◆ **PROVIDED DATA**:
=== Section Start ===
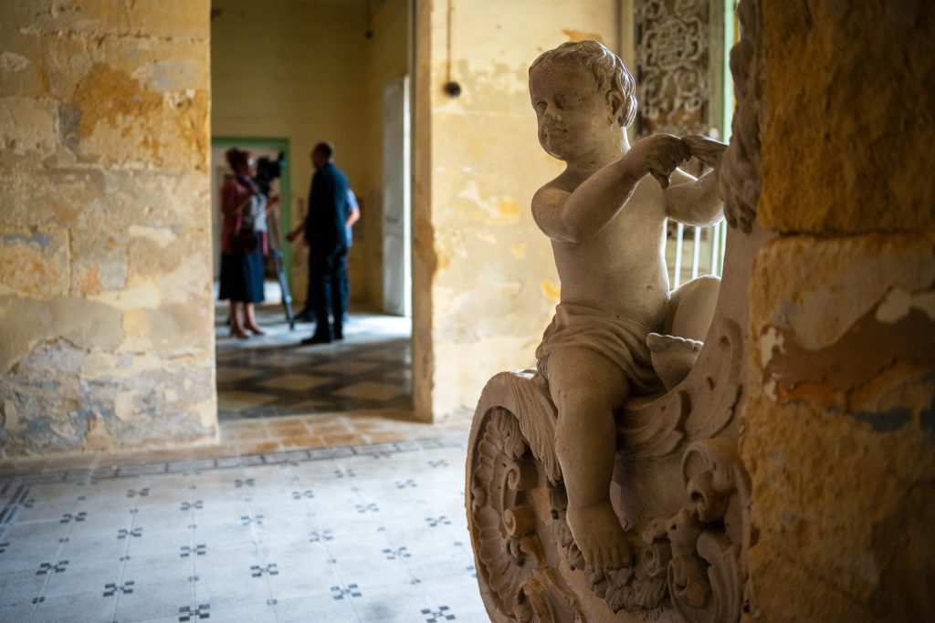 Among other tasks already completed in the villa, sections of the façade that were in imminent danger of collapse were shored up, and other parts of the building were reinforced to halt ongoing damage. A detailed architectural survey of the entire property was undertaken and tonnes of debris and other materials were removed. Stone statues that once decorated the garden, as well as domestic appliances used in the villa in the 1940s and 50s were conserved by Heritage Malta after years of neglect. Decorative schemes on the walls of the villa were uncovered and will now be restored.
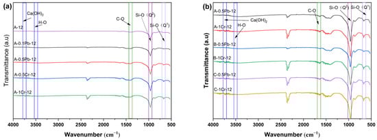 FTIR spectra of CSH immobilized heavy metals (a) A-12, A-0.1Pb-12, A-0.5Pb-12, A-0.5Cr-12, A-1Cr-12; (b) A-0.5Pb-12, A-1Cr-12, B-0.5Pb-12, B-1Cr-12, C-0.5Pb-12, C-1Cr-12.
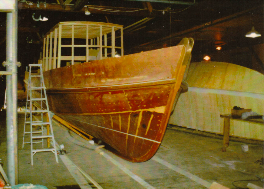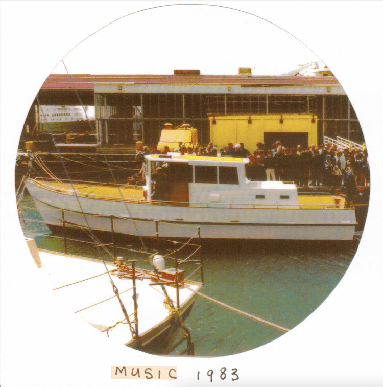 “My first memory of Dad’s boat building was when he built a speedboat in our garage. He named it Cee Bee II and was very successful in his racing days.The first boat Dad built was “Marco Polo”, built in our backyard for some local fishermen. Next was Music, built from scratch, as a family we spent many hours in the boat shed building her. Unfortunately she caught fire and burnt to the waterline. Dad managed to get his hands on some of the burnt timber and made a scale model incorporating the timber into the finished piece. After Music, and I think I’ve got the order correct, was Harmony, Souza, Largo and finally Coda. Jim Carey, previously from Picton, built the hull for Harmony and it was sailed across and finished in Wellington by Dad, and possibly another but I can’t remember sorry. Coda was purchased in Picton, the wheelhouse was removed and rebuilt by Dad, giving it his look and practicality.“
=== Section End ===
◆ **TASK REQUIREMENTS**: Beginning with the line containing "FTIR spectra of" and ending with the last line of the material, output each line exactly; do not include pictures.

◆ **ANSWER SPACE**:
 FTIR spectra of CSH immobilized heavy metals (a) A-12, A-0.1Pb-12, A-0.5Pb-12, A-0.5Cr-12, A-1Cr-12; (b) A-0.5Pb-12, A-1Cr-12, B-0.5Pb-12, B-1Cr-12, C-0.5Pb-12, C-1Cr-12.
 “My first memory of Dad’s boat building was when he built a speedboat in our garage. He named it Cee Bee II and was very successful in his racing days.The first boat Dad built was “Marco Polo”, built in our backyard for some local fishermen. Next was Music, built from scratch, as a family we spent many hours in the boat shed building her. Unfortunately she caught fire and burnt to the waterline. Dad managed to get his hands on some of the burnt timber and made a scale model incorporating the timber into the finished piece. After Music, and I think I’ve got the order correct, was Harmony, Souza, Largo and finally Coda. Jim Carey, previously from Picton, built the hull for Harmony and it was sailed across and finished in Wellington by Dad, and possibly another but I can’t remember sorry. Coda was purchased in Picton, the wheelhouse was removed and rebuilt by Dad, giving it his look and practicality.“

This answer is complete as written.